The deal comprised 187 million shares, of which 130 million came in the form of a top-up placement and thus effectively meant they were new shares issued by the company. The remaining 57 million shares were sold by Fortune Apex, a company that collectively holds stock owned by several members of the company management, including the chairman. They were offered at a price between HK$16.65 and HK$17.65 and, after a two-hour bookbuilding, the final price was fixed in the upper half of the range, at HK$17.38, for a 6% discount versus yesterday’s closing price of HK$18.50.
Onshore US investors had a chance to have a quick look at the deal, but given that the order books closed at 8.30pm (Hong Kong time), most of the demand was generated out of Asia and Europe. Among the long-only investors that participated in the transaction were a number of funds that were already shareholders in the company and know it well.
But outsiders focusing on the alternative and sustainable energy sectors had also taken notice of the spike in China High Speed’s share price since its interim earnings and were keen to get in on the action. The stock has risen every day but one since August 27 and has added a total of 12.8%. However, it has had a volatile year and is still trading below the 2010 high of HK$19.58 that it hit in early January.
Net profit rose 121.5% in the first six months of the year versus the same period in 2009 to Rmb563.5 million, on the back of a 71.4% increase in sales of wind gear transmission equipment.
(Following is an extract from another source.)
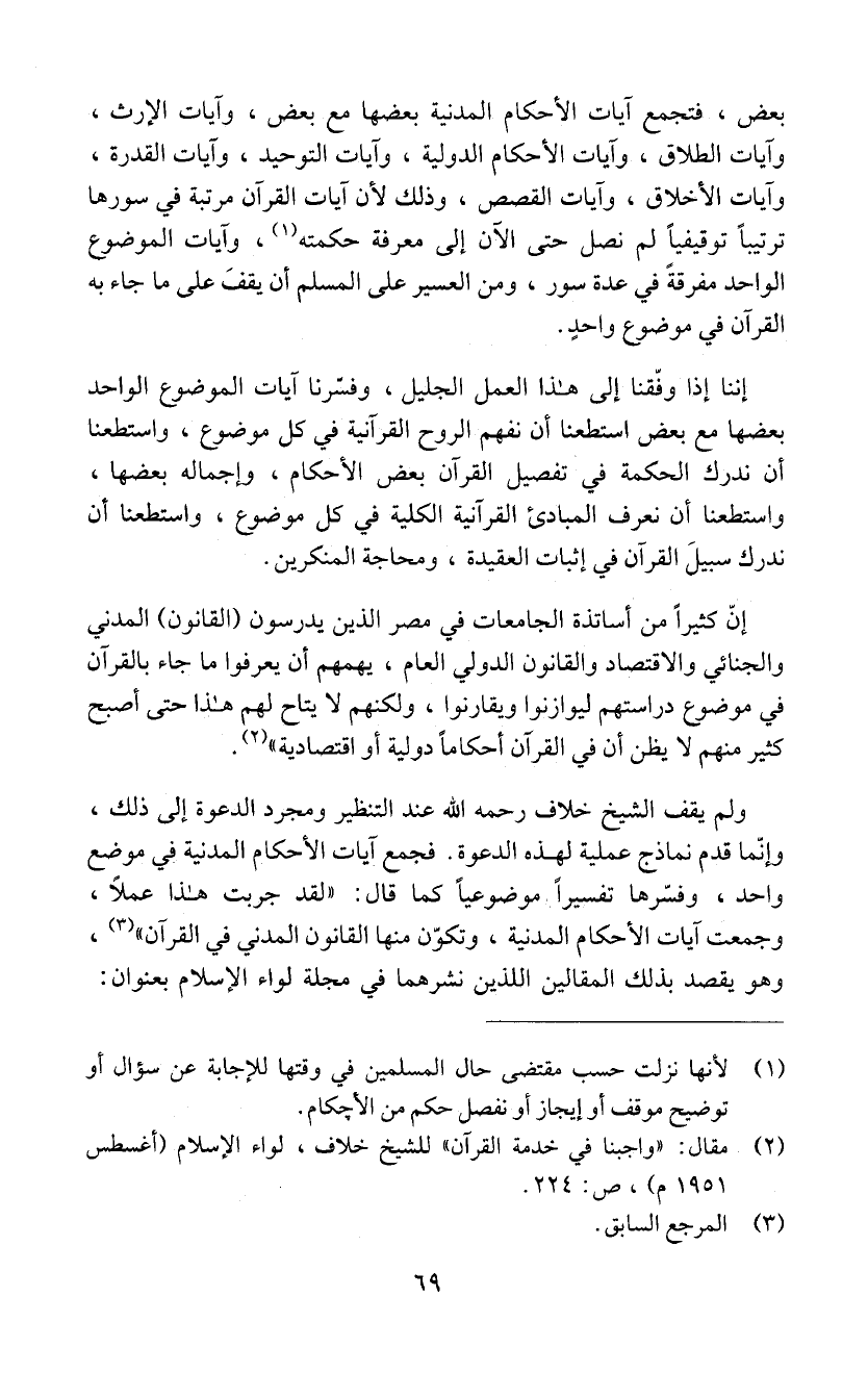كثير منهم لا يظن ان في القران أحكاماً دولية او اقتصادية " (2).

The company told investors that it will use most of the $290 million that it will raise from the sale of new shares (before expenses) to fund capital expenditures within its core gear box business focused on the wind power industry. However, part of it will also be set aside for its new business lines, such as mechanical-electrical integration products and gearboxes for use in the marine and railway industries.
The placement was arranged by Goldman Sachs.